This preprint studies whether synthetic personas constructed from cultural values produce responses that preserve structure on the Inglehart–Welzel map, approximate human World Values Survey (WVS) distributions, and show interpretable Moral Foundations Theory patterns. This review uses arXiv v2, revised on 3 June 2026, a 25-page PDF that remains marked “Under Review”; no peer-reviewed publication or official code/data repository was found.
The authors define ten categorical variables derived from WVS-7: religiosity, child-rearing values, moral acceptability, social trust, political participation, national pride, happiness, gender equality, materialism orientation, and tolerance toward outgroups. The Cartesian product of their levels yields 93,312 configurations. GPT-OSS-20B receives one configuration and writes a 250–500-word persona with a name, age, optional gender, occupation, country or region, bio, and an explicit account of how each variable manifests. The prompt forbids contradictions and requires every cultural-mapping sentence to reference its conditioning variable. The resulting corpus is therefore not a sample of observed people or cultures: it is an equally weighted, designed enumeration of combinations, some rare or sociologically implausible. Generated metadata are highly concentrated: 67.743% of ages are 30–39, 31.003% are 40–49, North America and Europe dominate, and 21.37% of occupations are in education and academia.
For RQ1, the same model adopts every persona and answers ten IVS/WVS indicators used to compute Inglehart–Welzel coordinates. The 93,312 positions form a cloud with no clear clusters. The planned Voronoi tessellation is replaced in the results by a regular grid of side length 1; FPClose discovers 735 closed itemsets across 111 non-empty cells. Spatial associations emerge among happiness, trust, national pride, child rearing, tolerance, and moral acceptability. This usefully describes the geometry induced by the pipeline, but the persona already explicitly contains the variables later elicited: the analysis mainly measures transmission and internal consistency of the conditioning, not independent recovery of human cultures.

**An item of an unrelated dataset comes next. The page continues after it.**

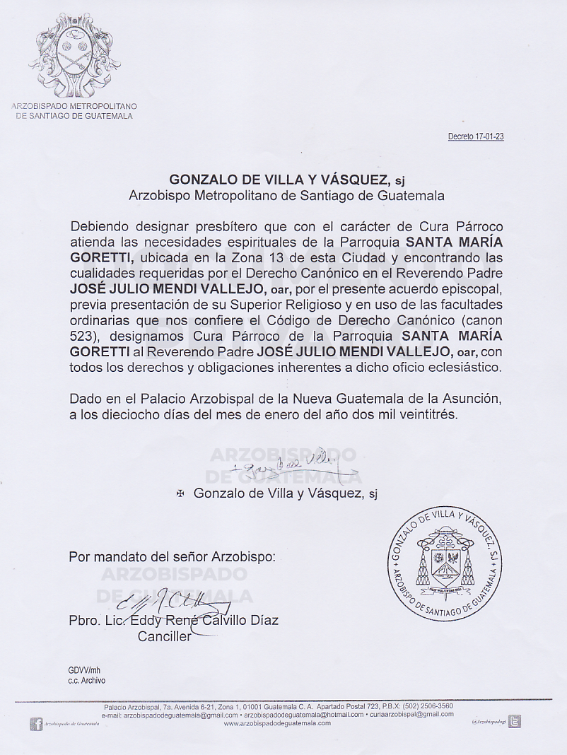 El señor Arzobispo de la Arquidiócesis de Santiago de Guatemala, nombra Cura Párroco de la Parroquia SANTA MARÍA GORETTI, ubicada en la Zona 13 de esta Ciudad, al Reverendo Padre JOSÉ JULIO MENDI VALLEJO, oar. DECRETO 17-01-2023

For RQ2, GPT-OSS-20B again adopts each profile, self-assigns a continent, urban/rural setting, and education level, and answers 36 WVB-Probe questions. Its distributions are compared with human references for each demographic triple using EMD. The analysis includes 92,710 personas and 45 of 46 groups. The paper reports 1−EMD of 0.790 unweighted and 0.809 weighted by synthetic group size; 90.12% and 94.25% of comparisons, respectively, fall below EMD 0.4, but only 56.96% and 59.06% fall below 0.2. Coverage is extremely uneven: Europe–urban–tertiary contributes 32,716 personas; together with North America–urban–tertiary and Asia–urban–tertiary it accounts for 60,568 of 92,710 cases (65.3%), while 13 groups contain fewer than 100 personas and one contains a single persona. The weights describe demographics invented by the model rather than human prevalence.
For RQ3, two equally synthetic moral representations are compared. The first averages the 36 MFQ-2 answers produced by GPT-OSS while role-playing each persona. The second asks an LLM “oracle” to score the 32 cultural-variable values on six moral foundations and aggregates the values present in each configuration. Gemini 3 Pro, GPT-5.2, Claude Sonnet 4.5, and the default model are tried, but Gemini 3 Pro is selected because it produces greater variance; the others return near-neutral scores of 2–3. A greedy selection procedure with a linear correction then seeks variable subsets that approximate GPT-OSS MFQ scores. It finds stable compact sets for Loyalty, Authority, and Purity, national pride, religiosity, and related variables, while Care, Equality, and Proportionality show less differentiation. There are no human MFQ-2 responses serving as an external criterion: one LLM construction is aligned with another, and the most variable oracle is selected post hoc.
As a cross-model check, Qwen3.5-9B is run on 300 configurations sampled uniformly from IW space, with three runs per configuration. 57.33% of Qwen–GPT-OSS pairs have an IW distance between 0 and 1 and 91.66% between 0 and 2; the moral maps qualitatively preserve greater differentiation for binding than individualizing foundations. The paper provides no correlations, uncertainty intervals, null baseline, or justified threshold for interpreting those distances, and the moral comparison relies mainly on visual maps.
The defensible contribution is an exploratory framework, transparent about its prompts and several limitations, for auditing the cultural and moral structure an LLM generates under controlled conditioning. The results support internal coherence and aggregate distributional patterns within that system. They do not demonstrate that the personas are culturally authentic, represent real individuals, countries, or groups, or yield psychologically or cross-culturally valid moral responses. Without released artifacts, code, seeds, exact model revisions, and outputs, the calculations and end-to-end reproducibility cannot be independently audited.